Berlin has been asked to accept some of the Guantanamo detainees, a group that includes Uighur Chinese. From Spiegel Online, a look at the controversy:
Yes, he travelled to Afghanistan. Yes, he learned to fire a semi-automatic weapon there. “But I only ever used the weapon once, I shot four or five bullets. And never at people. And never in combat situations.”
[…] [T]hese are the kinds of quotes — and stories — that have been exciting debate in Berlin and worrying the regional governments in states like Bavaria. Because if it was up to the Obama administration, individuals like Anvar would already be on a plane bound for Germany — most likely, with a one-way ticket and best wishes for the future. A future somewhere as far away as possible from the United States, that is.

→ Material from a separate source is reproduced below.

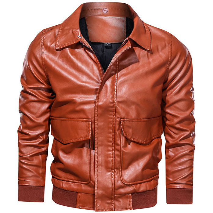 Men's Lapel Solid Color Large Pocket Biker Leather Jacket

[…] Anvar, who is in his mid-30s, comes from the village of Tashkoruq in the Chinese province of Xinjiang. Anvar is from the Uighur ethnic group, mainly resident in eastern and central Asia. The Uighurs make up almost half of the population of the Xinjiang region, are mainly Muslim and have been the subject of brutal repression by the Chinese. Shortly after the September 11 attacks in the US, and under some pressure from the Chinese government, Washington moved to recognize the East Turkistan Islamic Movement (ETIM) — to which Anvar and the other potentially Germany-bound Uighurs belong — as a terrorist organization. As a result more than 20 ETIM members were brought to Guantanamo as “enemy combatants.”